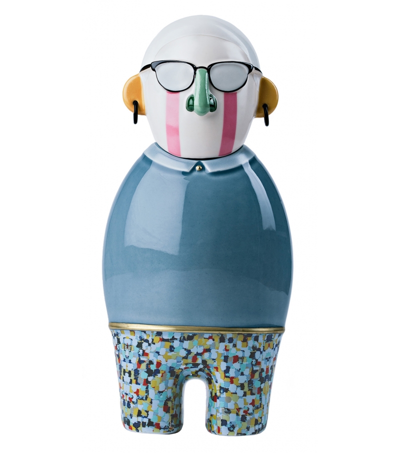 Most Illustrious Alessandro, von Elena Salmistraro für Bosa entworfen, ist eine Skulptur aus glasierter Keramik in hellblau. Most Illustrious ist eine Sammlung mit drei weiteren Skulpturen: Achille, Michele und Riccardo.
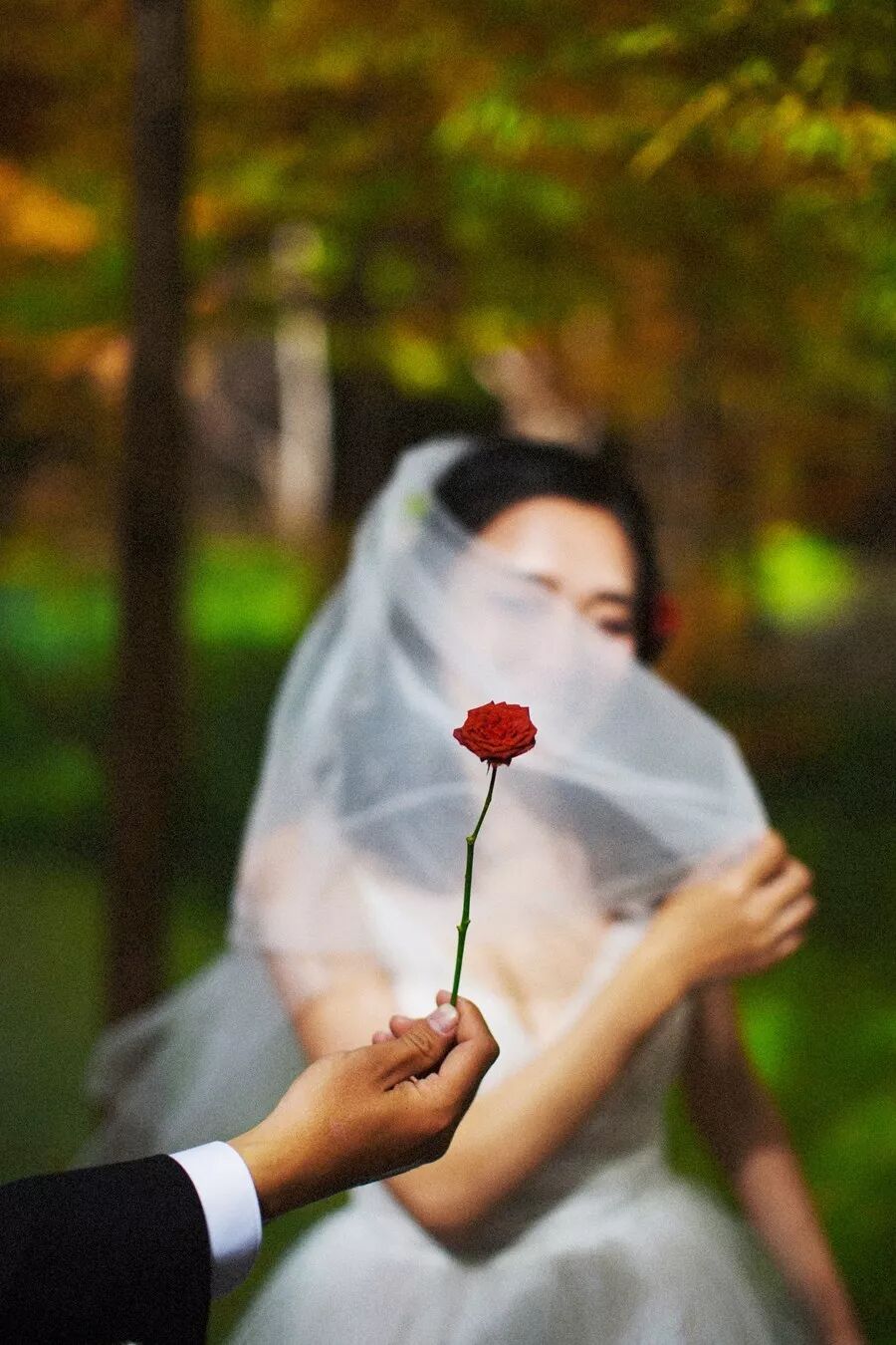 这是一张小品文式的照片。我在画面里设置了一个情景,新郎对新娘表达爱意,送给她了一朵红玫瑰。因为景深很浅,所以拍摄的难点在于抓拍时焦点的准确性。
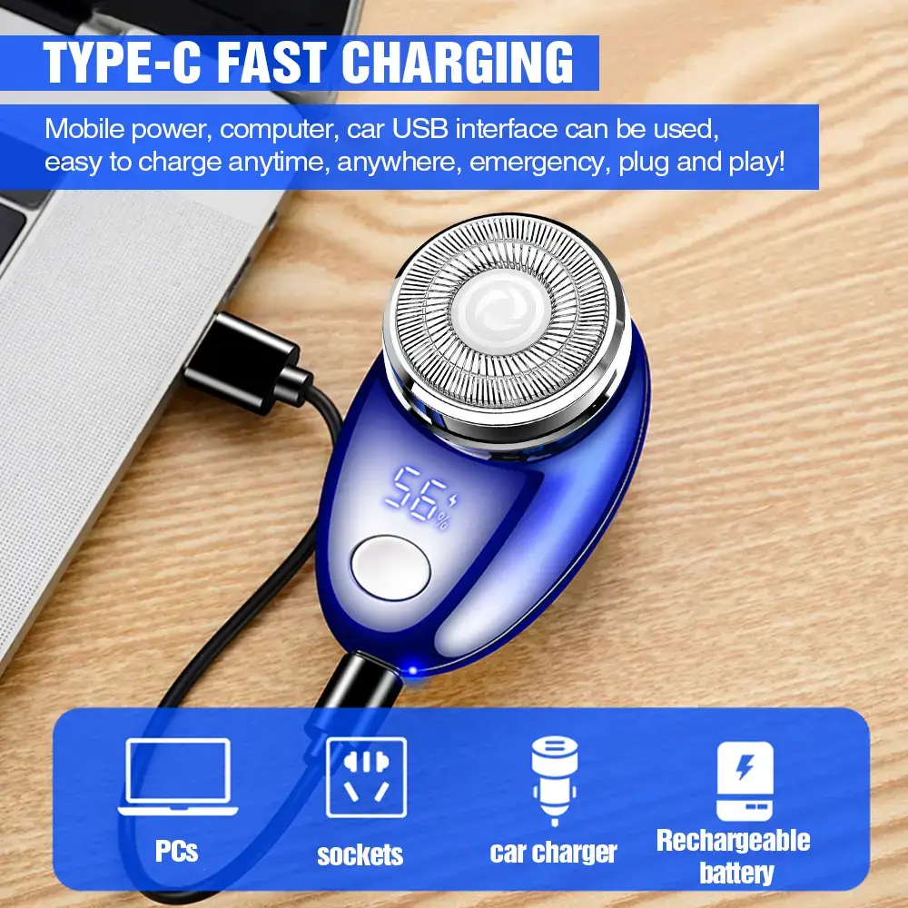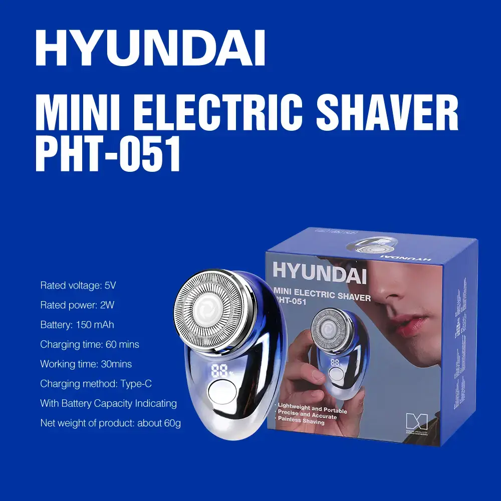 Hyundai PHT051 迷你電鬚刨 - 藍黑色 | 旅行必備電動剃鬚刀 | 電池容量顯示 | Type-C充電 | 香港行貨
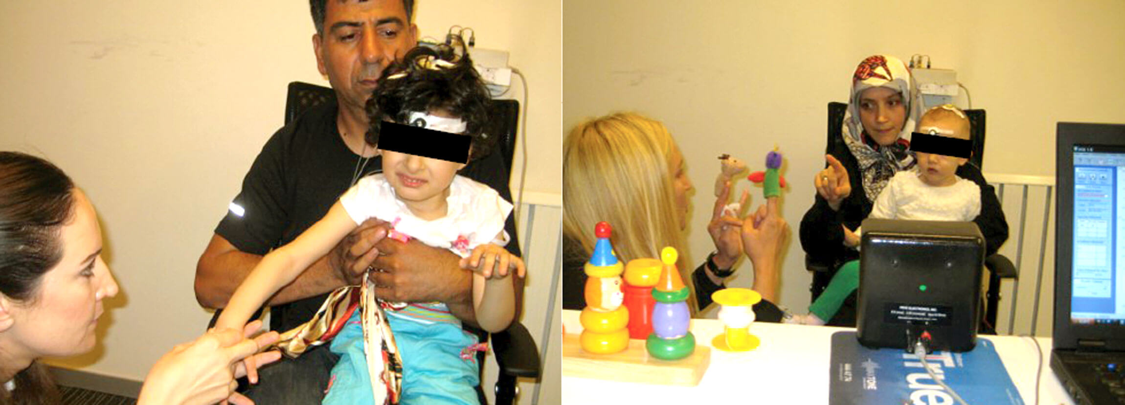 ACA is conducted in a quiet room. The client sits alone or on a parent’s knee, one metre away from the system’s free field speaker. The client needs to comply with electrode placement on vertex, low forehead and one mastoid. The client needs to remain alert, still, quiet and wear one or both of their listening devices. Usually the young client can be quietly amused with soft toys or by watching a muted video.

- _EXERCISE BRIEF_: Leave out the pictures and restate, word for word, the lines from the top of the data through the line containing "Hyundai PHT051 迷你電鬚刨", both included.

- _WRITTEN SOLUTION_:
 Most Illustrious Alessandro, von Elena Salmistraro für Bosa entworfen, ist eine Skulptur aus glasierter Keramik in hellblau. Most Illustrious ist eine Sammlung mit drei weiteren Skulpturen: Achille, Michele und Riccardo.
 这是一张小品文式的照片。我在画面里设置了一个情景,新郎对新娘表达爱意,送给她了一朵红玫瑰。因为景深很浅,所以拍摄的难点在于抓拍时焦点的准确性。
 Hyundai PHT051 迷你電鬚刨 - 藍黑色 | 旅行必備電動剃鬚刀 | 電池容量顯示 | Type-C充電 | 香港行貨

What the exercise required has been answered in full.